Ну, напоследок, еще об одном уроке жизни, который я получила в семье Ленки Косиор. Не знаю, пошел ли он мне впрок, применила ли я его как-нибудь на практике. Но главное — осознала. Хоть и с опозданием. И сегодня во всеуслышание о нем заявляю.
Что-то в их скромном, тесном, даже бедном быте было надмирное, кроме увлечения театром. Ведь в двух (или трех?) но все равно — небольших, заставленных комнатах жили не просто пять человек, а несколько разных структур. Про Лялю с мужем я уже сказала и про то, что одна комната принадлежала им. В той, что побольше, проходной, располагались Ленка с матерью. Но ведь был еще Гриша — студент-политехник, младший брат Ляли и старший — Ленки, сын Цили Моисеевны от второго брака, единственный похожий на нее ребенок.
Да, у Ленки мама была не только красавица и незаурядная личность. У нее и судьба сложилась неординарно. Она трижды выходила замуж, в каждом браке родила по ребенку, и все ее мужья трагически погибли. Однако осколки этих семей образовали такой жизнеспособный организм, что соприкасаться с ним, входить в него было легко и приятно. В этом доме не было никаких мелких ссор, стычек на бытовом уровне, никаких взаимных неудовольствий. Может, именно пережитые трагедии выработали иммунитет к пошлым дрязгам? Сначала у матери, а потом и у детей? И эта потрясающая естественность во всем! Готовность спокойно принять любую житейскую ситуацию и повести себя в ней с достоинством.
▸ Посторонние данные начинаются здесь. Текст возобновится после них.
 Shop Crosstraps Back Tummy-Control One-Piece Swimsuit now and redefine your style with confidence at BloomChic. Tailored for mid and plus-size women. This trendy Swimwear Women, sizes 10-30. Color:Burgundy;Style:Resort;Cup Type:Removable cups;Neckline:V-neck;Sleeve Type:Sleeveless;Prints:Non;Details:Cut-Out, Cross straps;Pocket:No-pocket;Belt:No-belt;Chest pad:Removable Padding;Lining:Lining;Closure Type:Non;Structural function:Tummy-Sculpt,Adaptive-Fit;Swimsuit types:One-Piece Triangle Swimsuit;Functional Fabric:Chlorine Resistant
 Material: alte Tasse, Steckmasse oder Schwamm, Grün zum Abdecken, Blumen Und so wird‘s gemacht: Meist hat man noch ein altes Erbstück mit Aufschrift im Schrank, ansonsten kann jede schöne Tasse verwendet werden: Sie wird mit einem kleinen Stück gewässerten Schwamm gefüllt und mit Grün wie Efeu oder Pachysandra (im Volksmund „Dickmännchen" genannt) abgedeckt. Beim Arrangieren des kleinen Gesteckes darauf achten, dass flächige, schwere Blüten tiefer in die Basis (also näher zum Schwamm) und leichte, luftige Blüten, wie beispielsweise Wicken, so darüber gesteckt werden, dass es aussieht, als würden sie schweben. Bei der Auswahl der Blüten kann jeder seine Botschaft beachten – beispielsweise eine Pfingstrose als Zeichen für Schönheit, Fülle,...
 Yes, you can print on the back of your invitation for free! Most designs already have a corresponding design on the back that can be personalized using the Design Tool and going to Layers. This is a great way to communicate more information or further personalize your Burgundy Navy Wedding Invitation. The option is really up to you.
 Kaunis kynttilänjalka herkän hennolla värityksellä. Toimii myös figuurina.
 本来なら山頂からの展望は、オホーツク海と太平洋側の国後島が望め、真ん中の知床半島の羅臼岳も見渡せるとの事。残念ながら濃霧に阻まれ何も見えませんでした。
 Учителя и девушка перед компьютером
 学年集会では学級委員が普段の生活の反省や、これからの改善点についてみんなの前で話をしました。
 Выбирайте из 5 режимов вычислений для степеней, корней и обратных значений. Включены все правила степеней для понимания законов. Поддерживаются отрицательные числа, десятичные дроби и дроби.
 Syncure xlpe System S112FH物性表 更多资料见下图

Вот два сюжета с моим участием. Из первых, так сказать рук. Как говорят англичане: «Прямо из лошадиной пасти». В шестом классе я попала на день рождения Цили Моисеевны. По приглашению? Нет, скорее всего случайно. Тем не менее, была принята как дорогая гостья. Кроме членов семьи за столом оказался высокий, представительный, элегантный мужчина хорошо-хорошо за сорок. Все, включая Ленку, называли его просто Володя. Он пришел с неохватным букетом роз и бутылкой какого-то очень хорошего вина (о марке, о вкусе много рассуждали за столом, для меня это было непривычно). Подавали крепкий сладкий чай и два замечательных пирога, испеченных именинницей. И говорили, говорили, не умолкая, шутили, острили, подначивали. Атмосферы радости и любви хватило бы на какую- нибудь современную тусовку в сто человек. Не зря же я этот вечер запомнила. Хотя, казалось бы, что тут интересного для тринадцатилетней девочки? Разве авантажность этого незнакомого Володи и размеры его букета!
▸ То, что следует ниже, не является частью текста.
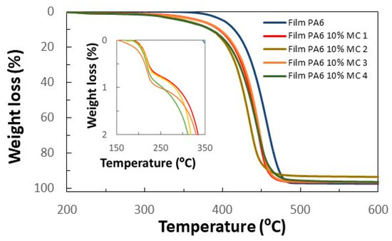 TGA of PA6 film made at 256 °C and 50 bar without MCs and four samples with 10 wt.% MF/n-eicosane MCs. Four different areas of the membrane were considered (MC 1 to MC 4).
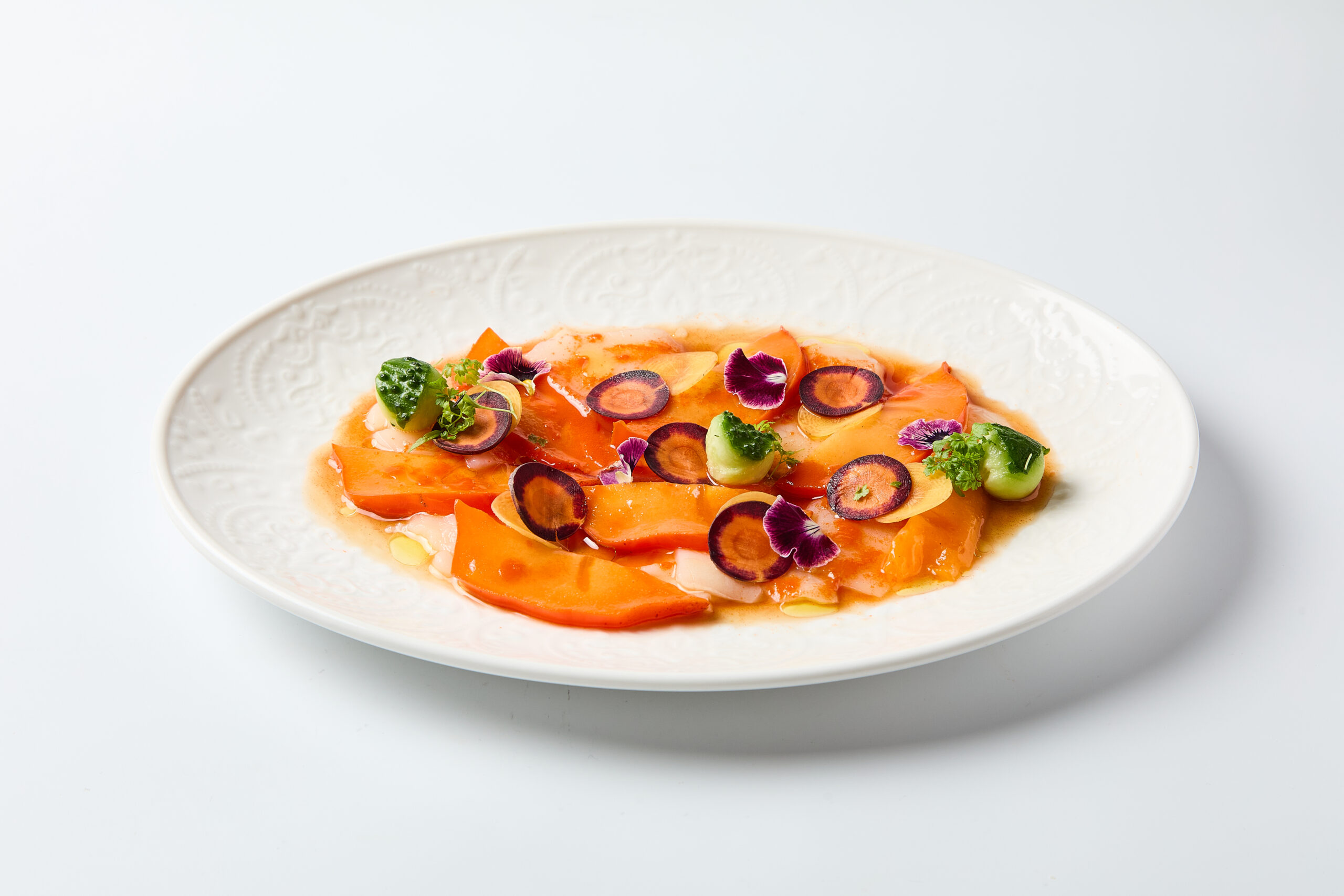 Гребешок нарезать тонкими слайсами, немного посолить, полить морковным медом, оливковым маслом, выложить сверху слайсы хурмы, моркови и огурца, украсить цветами и зеленью.
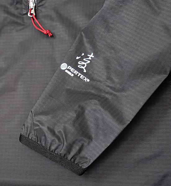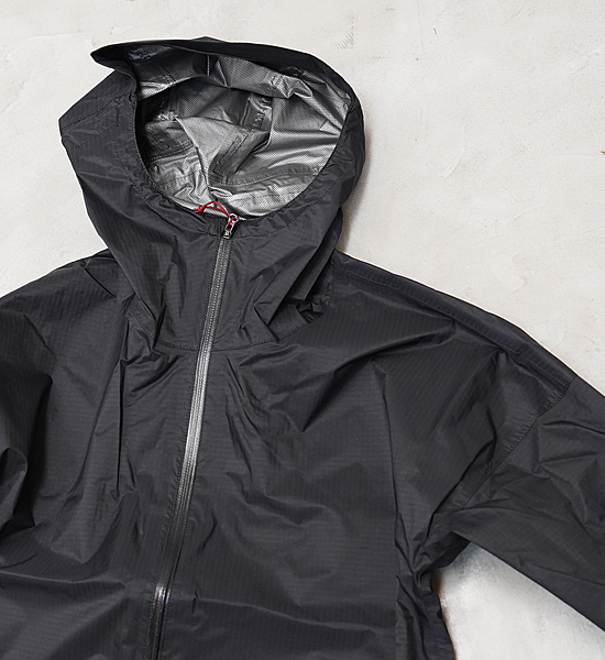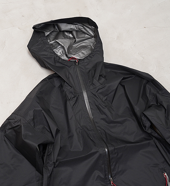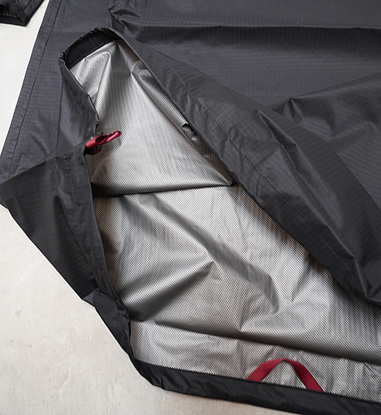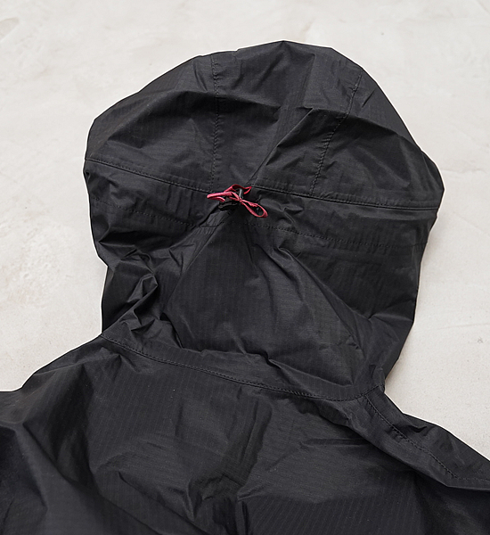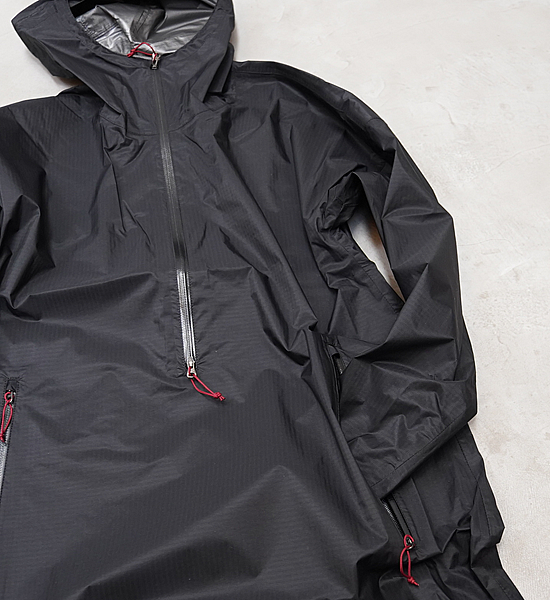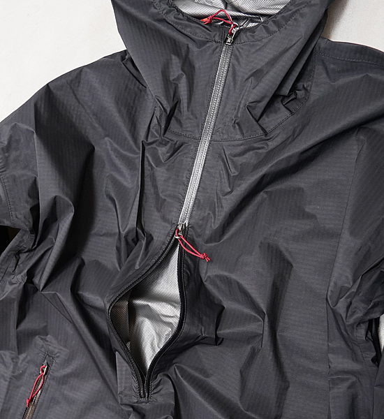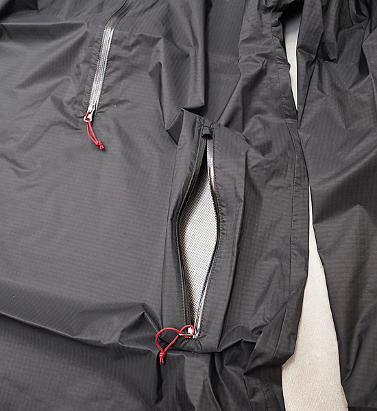 着丈が長く頭から膝まで覆うので容易には雨に濡れない安心感があります。防水透湿素材を使用していますが、気温や運動の程度によっては汗の放出が追い付かずに蒸れを感じたり内側が結露したりすることがあります。上下から開くフロントファスナーを下から開ければベンチレーションとして機能する他、フード周りを開くことなくインナーのシャツやヤマバッグなどにアクセスできます。また、長いフロントファスナーはパンツのように穿いたり脱いだりできるので便利です。腰の左右に配置されたジッパー(スルーポケット)はパンツのポケットにアクセスできるだけでなくベンチレーションとしても機能し、バックパックのヒップベルトを内側に通して止めることができるのでベンチレーションを妨げることもありません。
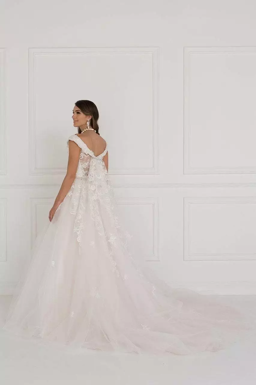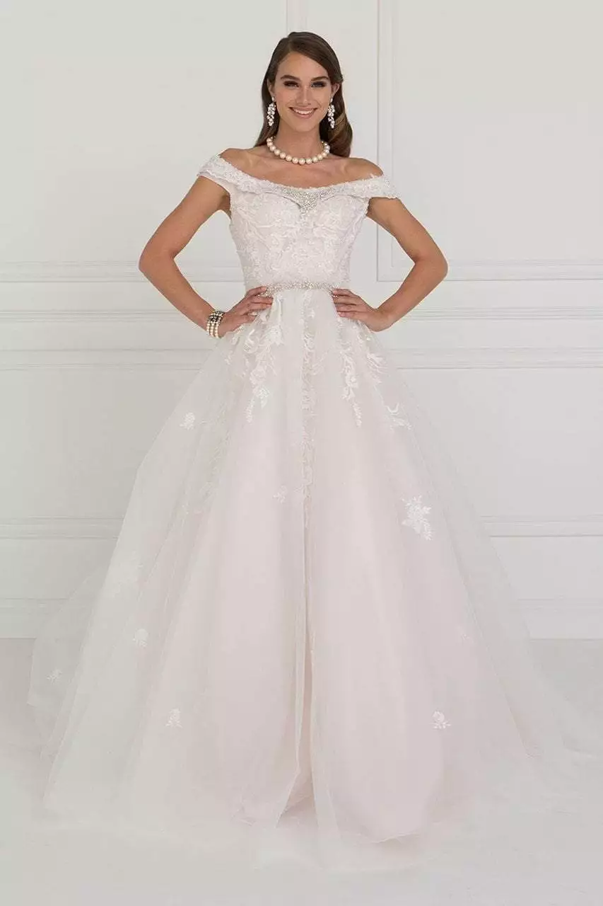 Enter the spectacular ballroom and instantly win over the crowd in this ethereal Elizabeth K GL1589 creation. Beautifully fashioned from a floral lace fabric dotted with refined jewels, this beauty reveals an off-shoulder neckline that alluringly blends with an illusion mid-open back. Designed with a lush trailing back panel that streams to create a gossamer chapel train, this fabulous piece cascades a voluminous flare from an iridescent bejeweled band that flows to meet the floor in a luxurious full-length hem. Impress everyone with your sheer presence in this amazingly opulent Elizabeth K masterpiece.

А между тем интрига в этой вечеринке была. Я узнала о ней чуть ли не пятьдесят лет спустя. Володя был вечным поклонником Цили Моисеевны, ходившим в дом еще при Иосифе Косиоре. И когда Володя долго отсутствовал, муж выражал жене недовольство или беспокойство — куда запропастился Володя? Без него нет ни настоящего разговора, ни настоящего веселья! Так и продолжал ходить Володя (во время моего с ним знакомства он был редактором новой с иголочки газеты — «Социалистическая индустрия») в этот дом и после тридцать седьмого, и в сороковые, вплоть до того, как был в сорок девятом сам арестован. Дальнейшая его судьба мне неизвестна.
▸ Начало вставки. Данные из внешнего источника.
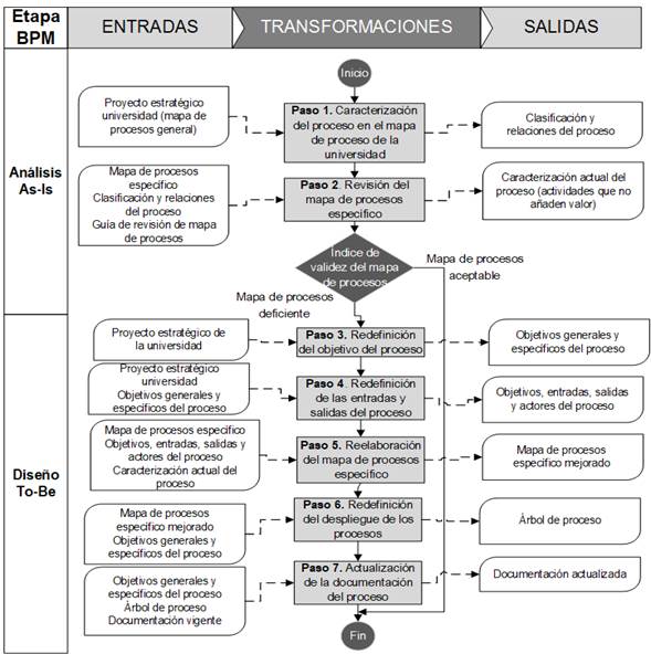 Para el rediseño del proceso se empleó el procedimiento de la figura 1 que consta de siete pasos que se basan fundamentalmente en el BPM. Asimismo, se auxilia de una guía de revisión que permite definir un índice de validez para el mapa de procesos objeto del estudio (Tabla 1).
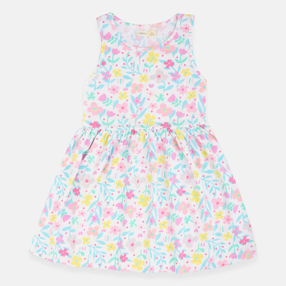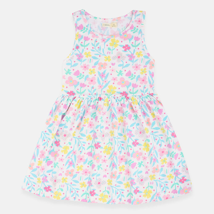 SFR Multi Color Flowers Sleeves Frill White Frock 2226
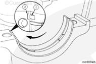 使用平頭改錐。輕輕撞擊軸承端,將其從缸體松開。然后,使用手指壓住主軸瓦并轉動曲軸,以便旋出主軸承。
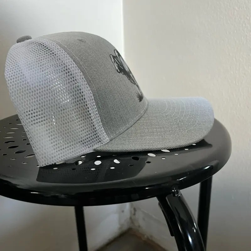 Gray and white cap with black bull print, adjustable fit
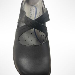 Women’s clogs Klogs (Cara) size 8w. Step into comfort and style with these sleek black leather shoes. Perfect for any occasion.
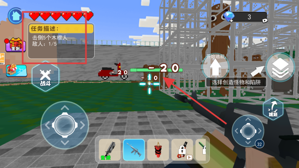 3、面对任务描述:击倒5个木偶人,利用手中武器瞄准木偶人射击,留意伤害数值,完成任务目标。
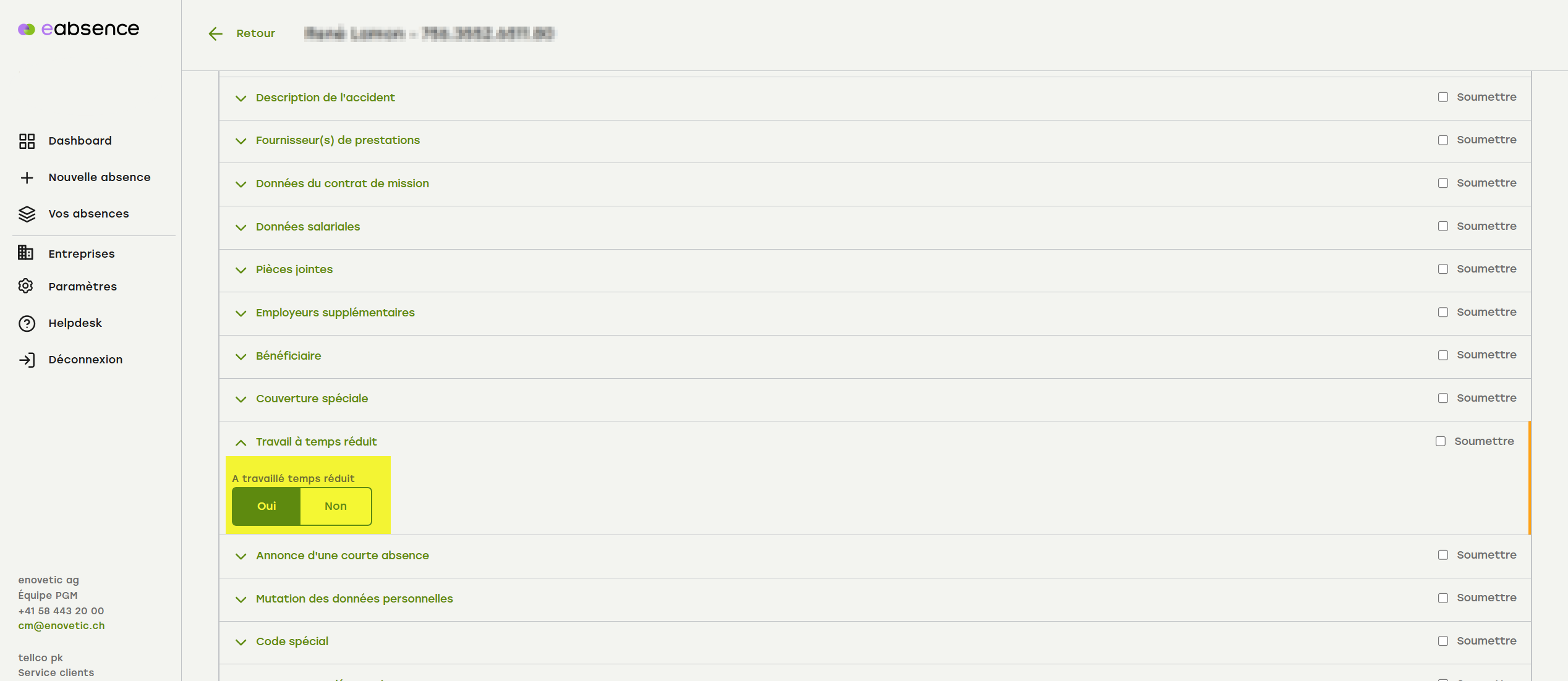 1. Ouvrez le menu accordéon « Travail à temps réduit ».

А вот совсем другая история. Я уже два года как уехала из Москвы и, честно говоря, потеряла с Ленкой связь. Хотя с Викой Швейцер, например, переписывалась. Но вот, оказавшись летом на подмосковной даче и прикатив в город на выходной, я по какому-то внезапному порыву купила два билета на «Севильского цирюльника» в театр Станиславского и заявилась с ними в дом на 1-м Тверском-Ямском за два часа до спектакля.
Хотя Ленка была в отъезде (пионерлагерь, что ли?), хотя я выказала себя за прошедшее время не слишком верным другом, мое появление восприняли совершенно естественно, как само собой разумеющееся. Напоили чаем. Велели снять мое ситцевое, дачное, почти домашнее, не первой свежести платье. Нарядили в шелковое, оно издавало Ленкин запах, у нее всегда были круги подмышками. Наказали второй билет продать у входа, а ночевать вернуться к ним — дядина квартира теперь была далеко от центра, у Даниловского рынка. Что я и сделала. И провела ночь на Ленкином диване. Как будто в сто первый раз!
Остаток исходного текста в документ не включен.